Films*

Due to electronic correlations, transition metal oxides (TMOs) exhibit a rich phase diagram associated with specific functionalities. To utilize them in devices, the understanding and control of the microscopic electronic structures has yet to be improved, especially for thin films and heterostrcutures. High-energy photoemission spectroscopy has emerged as a powerful tool, being able to differentiate between surface and bulk electronic structure and give access to both core-level and valence band information. We present two case studies: (1) Using the prototypical correlated metal SrVO₃ as an example, we demonstrate that the usual description of TMO films as ideally terminated with stoichiometric composition overlooks an essential ingredient: oxygen adsorbing at the surface apical sites.
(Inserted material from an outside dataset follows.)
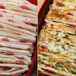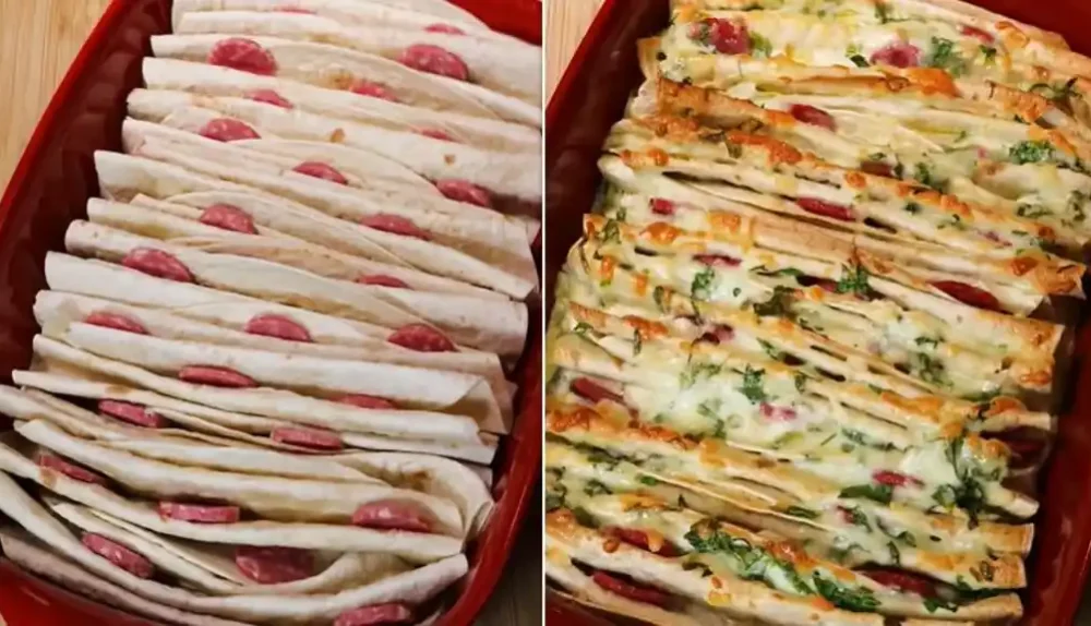 Sastojci:tortilje (koliko je potrebno da se ispuni pleh)3 jajeta120 ml mlijekaso, po ukusu150 g rendanog kačkavaljasvjež peršun, sitno sjeckan150 g čajne kobasice, isječene na kolutove100 ml ulja (za prelivanje)

The oxygen adatoms, which are present even if the films are kept in an ultrahigh vacuum environment and not exposed to air, are shown to severely affect the intrinsic electronic structure of a TMO film. Their presence leads to the formation of an electronically dead surface layer but also alters the band filling and the electron correlations in thin films. These findings highlight that it is important to consider the specific oxygen configuration imposed by a capping layer to predict the behavior of ultrathin films of TMOs near the 2D limit.¹ (2) In LaTiO₃ films, we examine the electronic structure across the band-filling induced metal-insulator transition, which could be of use in future Motttronic devices.² While LaTiO₃ films tend to grow oxygen-rich, the oxygen content can be controlled (reduced) by X-ray irradiation, thus changing the electronic configuration towards d¹ (=Mott insulator). This allows us to observe mass renormalization as in a Brinkman- Rice scenario by angle-resolved photoemission, consistent with thermodynamic data of (La,Sr)TiO₃. Additionally, we infer different correlation strengths for the surface and bulk of the films from our photoemission data, while Brinkman-Rice-like behavior is observed in both cases.

¹Adv. Electron. Mater. 2022, 0, 2101006

² Adv. Mater. 2018, 30, 1706708